そいつを食べながらテレビを見ているが、炬燵の中で芋虫たちがもぞもぞと動くので画面に集中できない。
【去年今年(こぞことし)】
お待たせしました到着ですと、タクシーが止まる。
本当にここがそうなの? と私は問い返す。
間違いなくここが新しい年ですから、もう去年のことは忘れなさいと、運転手さんの言葉はどこまでも優しい。

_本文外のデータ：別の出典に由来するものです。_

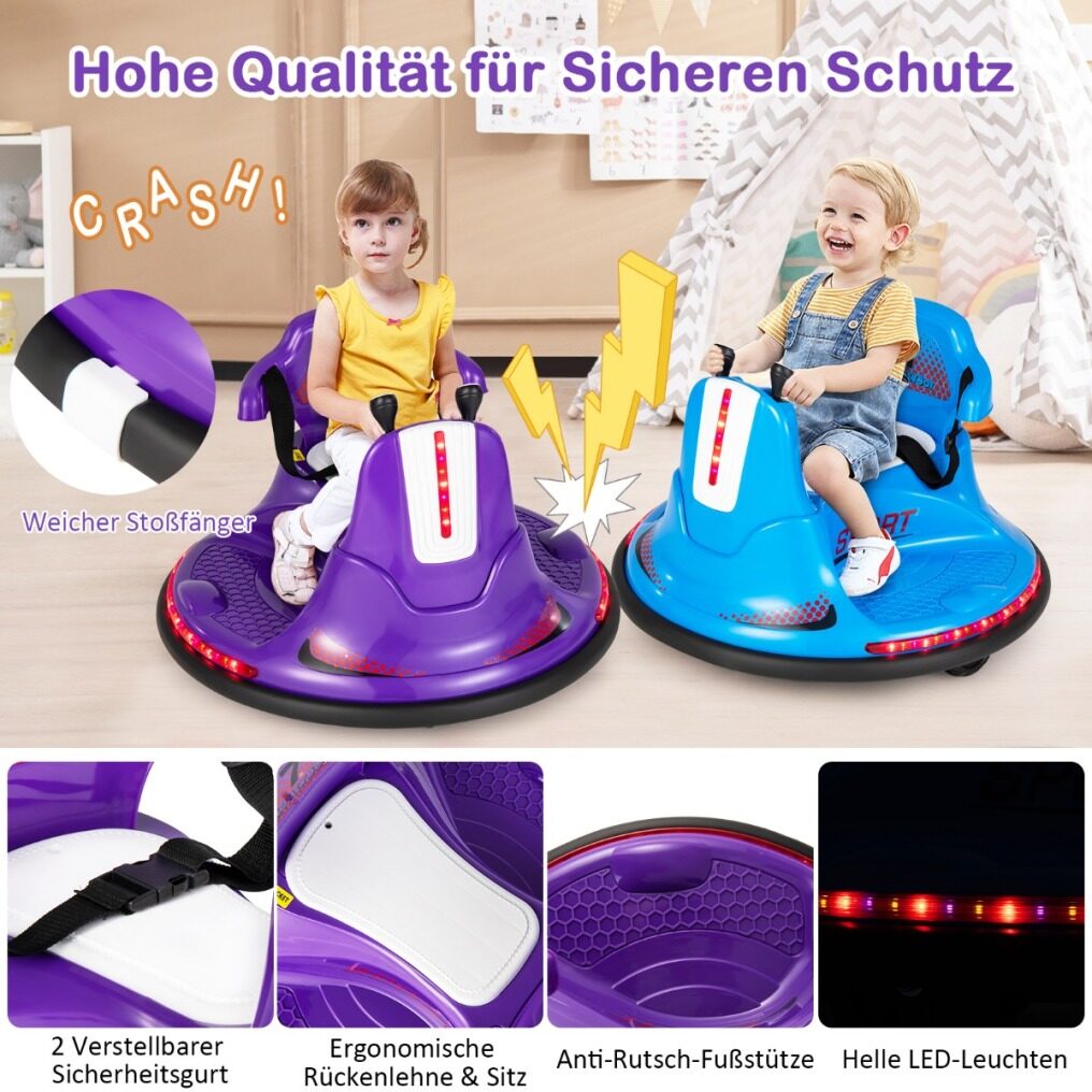 360 Degree Rotation Function: Our bumper car is equipped with 2 directional wheels and 2 swivel wheels for smooth movement and flexible steering. Our ride-on car has a speed of 3-6 km/h and can rotate in all directions. Thanks to the durable wheels, you can ride this bumper car on any flat indoor floor, including wooden floor and ceramic floor.

たったワンメーターのお金を払って降り立つと、タクシーはもと来た道を去年へと帰っていく。
【雪女郎(ゆきじょろう)】
雪深い村の軒先でなにがしかの物を売っている。
これが帯、こちらは襦袢、それは紅、そいつは腰巻。
藁沓(わらぐつ)はねえんだよ、最初から履いていなかったのさ。
風呂に入れたのは騙したわけじゃないんだが。
【鎌鼬(かまいたち)】
ええたしかに道行く人の足や手を鋭く切り裂くことに間違いありません。
でも剃刀なんて使わないし、喉なんか狙うものですか。
そんな昔にロンドンにいたことはなく、そもそも日本から出たこともないのです。
それにからりと晴れた風のある日にしか仕事はしないのです。